→ TASK OBJECTIVE
Retype the material that follows exactly, limited to the lines from the one with "Naprodaj 2024-25 Panini" through the one with "Эта юбка миди", and keep out all pictures.

→ DATA SUPPLIED
——
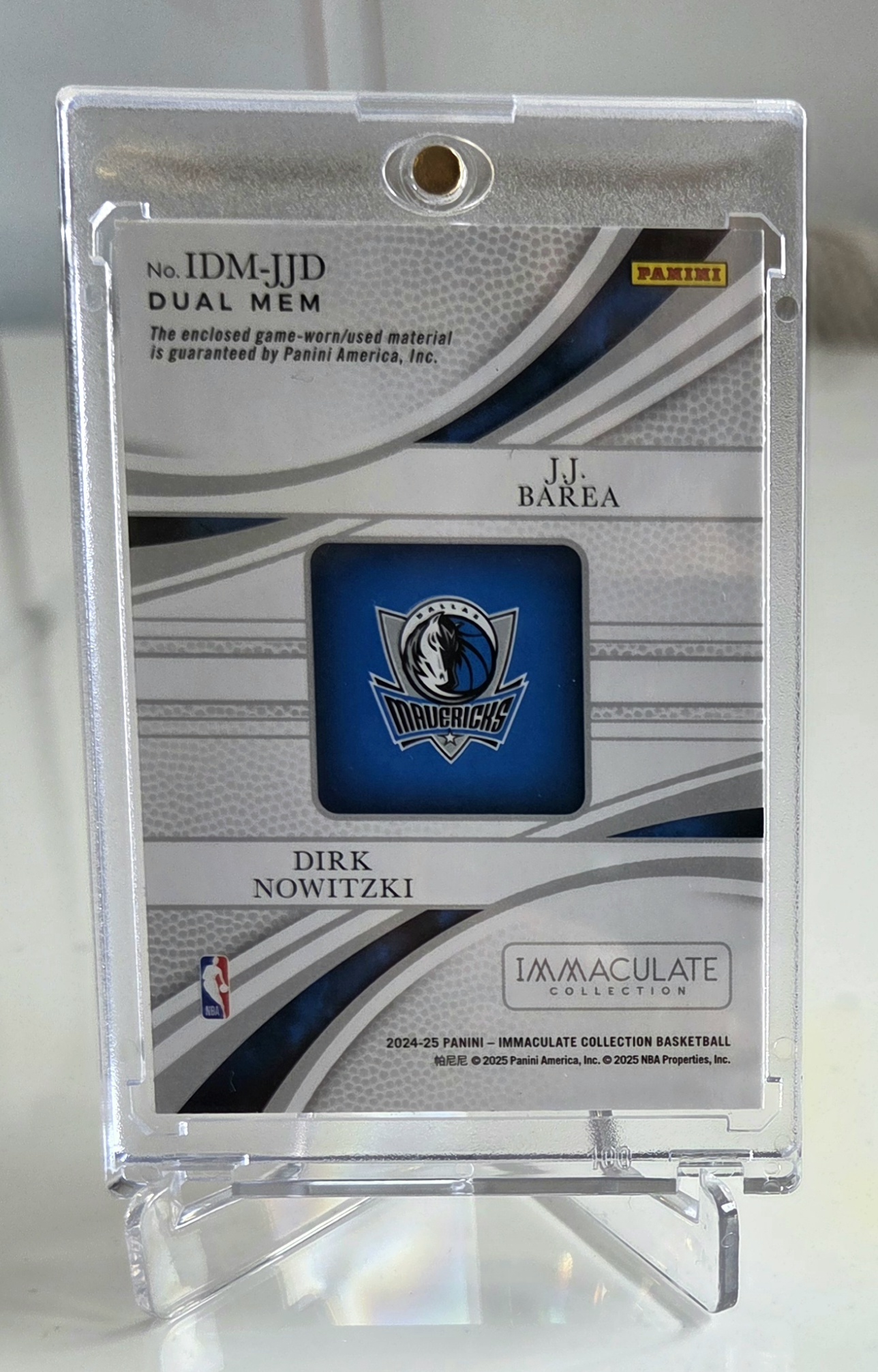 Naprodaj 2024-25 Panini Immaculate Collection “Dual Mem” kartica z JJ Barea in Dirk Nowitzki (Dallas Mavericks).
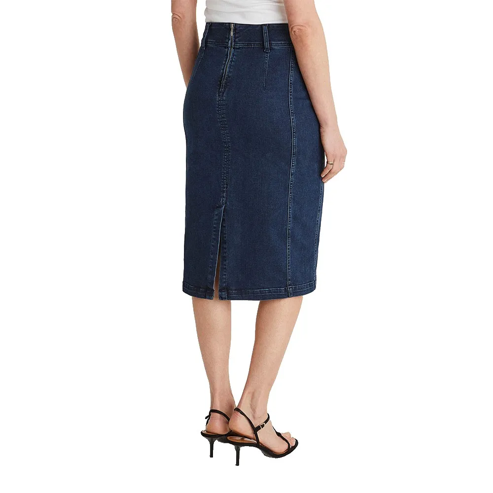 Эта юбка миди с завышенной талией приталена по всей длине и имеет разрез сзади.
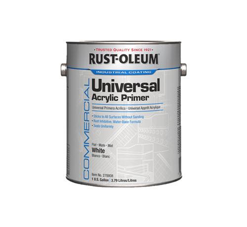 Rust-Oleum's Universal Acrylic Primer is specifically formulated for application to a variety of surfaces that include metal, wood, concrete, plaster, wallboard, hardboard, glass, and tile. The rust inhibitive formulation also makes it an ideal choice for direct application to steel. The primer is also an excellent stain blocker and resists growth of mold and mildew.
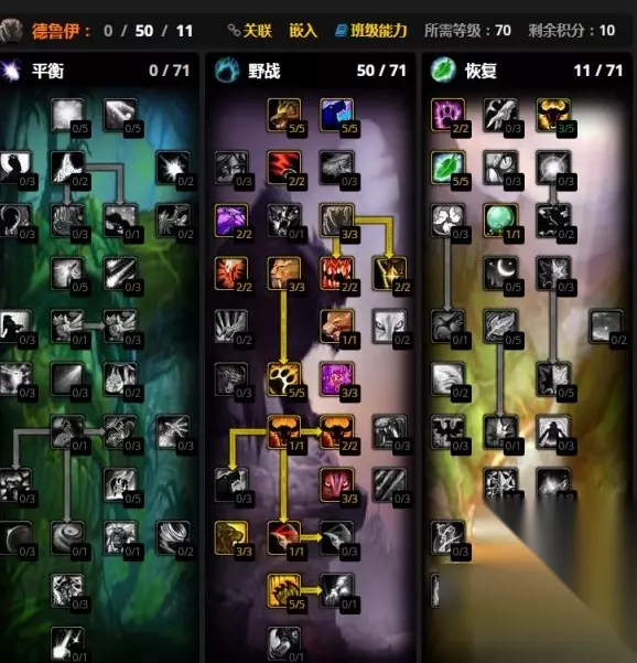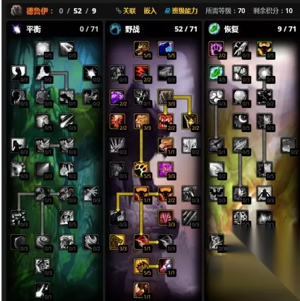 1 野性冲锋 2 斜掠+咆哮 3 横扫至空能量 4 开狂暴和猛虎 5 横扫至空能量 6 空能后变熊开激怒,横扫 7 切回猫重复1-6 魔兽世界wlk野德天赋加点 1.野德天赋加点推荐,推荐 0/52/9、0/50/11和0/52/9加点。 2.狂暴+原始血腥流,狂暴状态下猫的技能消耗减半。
——
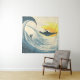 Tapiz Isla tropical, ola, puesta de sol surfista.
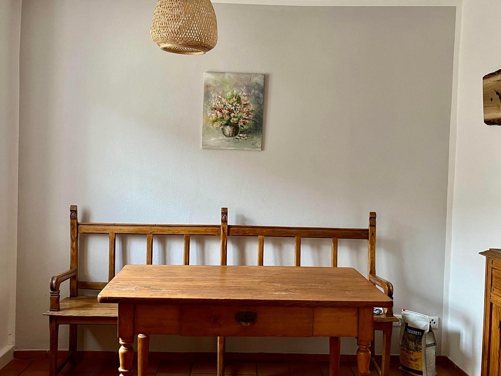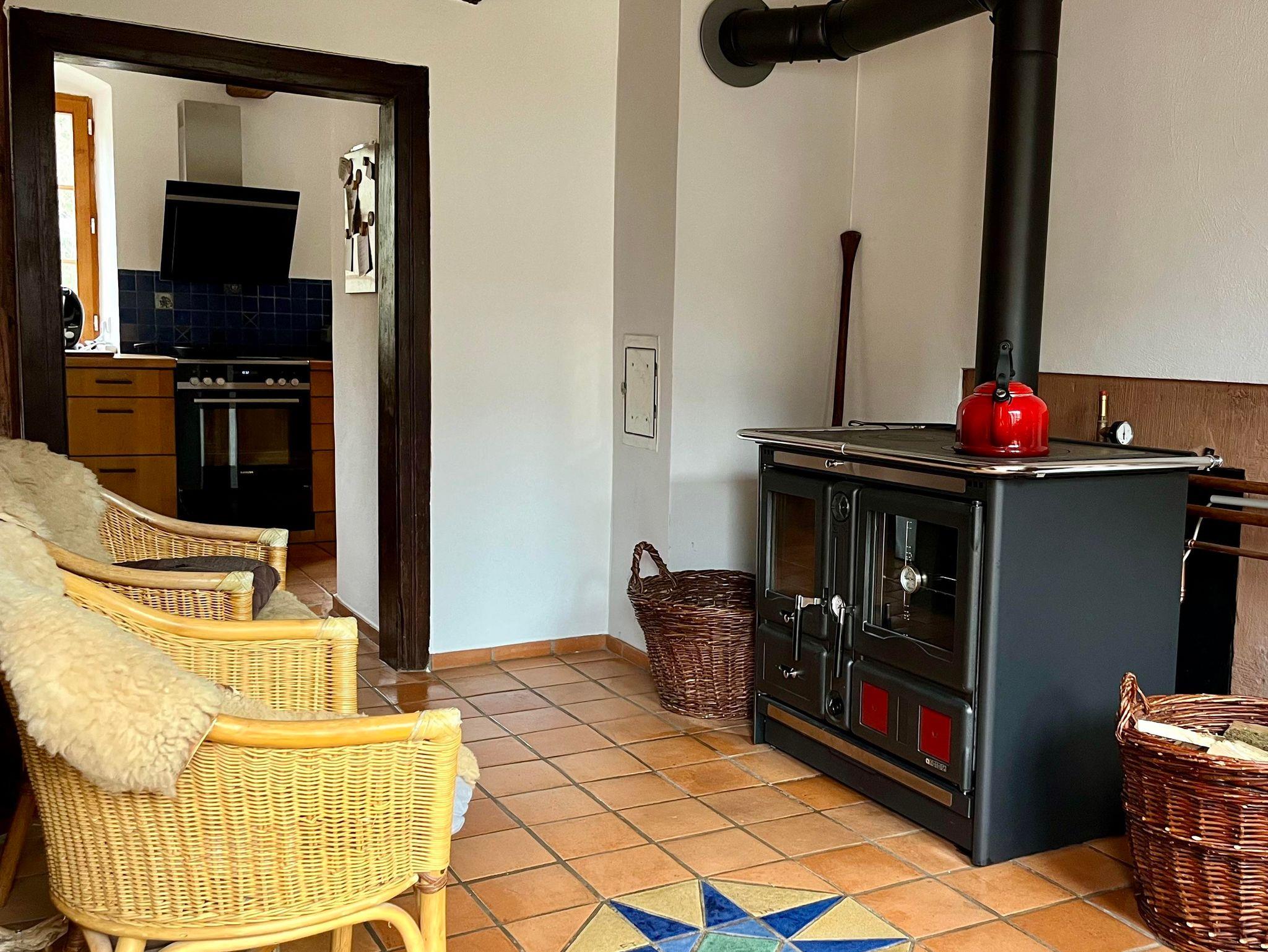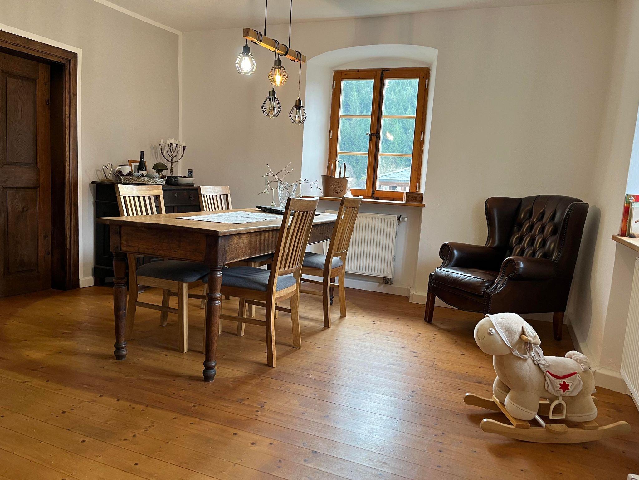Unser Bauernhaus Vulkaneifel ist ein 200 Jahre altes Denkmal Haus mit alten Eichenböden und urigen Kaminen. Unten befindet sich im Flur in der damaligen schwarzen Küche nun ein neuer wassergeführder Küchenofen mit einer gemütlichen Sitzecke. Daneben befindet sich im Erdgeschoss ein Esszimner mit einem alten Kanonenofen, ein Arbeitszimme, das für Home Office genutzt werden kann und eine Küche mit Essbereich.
——
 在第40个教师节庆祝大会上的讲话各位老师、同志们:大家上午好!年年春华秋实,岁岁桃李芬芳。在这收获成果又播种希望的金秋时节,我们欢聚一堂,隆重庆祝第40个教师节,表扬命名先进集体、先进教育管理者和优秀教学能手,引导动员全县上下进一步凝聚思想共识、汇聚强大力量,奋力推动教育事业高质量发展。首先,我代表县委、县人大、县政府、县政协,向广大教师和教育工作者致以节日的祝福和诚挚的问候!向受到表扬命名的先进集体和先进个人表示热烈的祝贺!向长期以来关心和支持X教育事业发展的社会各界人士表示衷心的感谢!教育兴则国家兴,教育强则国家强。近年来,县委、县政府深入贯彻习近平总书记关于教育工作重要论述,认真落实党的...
——
→ ANSWER TO THIS PROBLEM
 Naprodaj 2024-25 Panini Immaculate Collection “Dual Mem” kartica z JJ Barea in Dirk Nowitzki (Dallas Mavericks).
 Эта юбка миди с завышенной талией приталена по всей длине и имеет разрез сзади.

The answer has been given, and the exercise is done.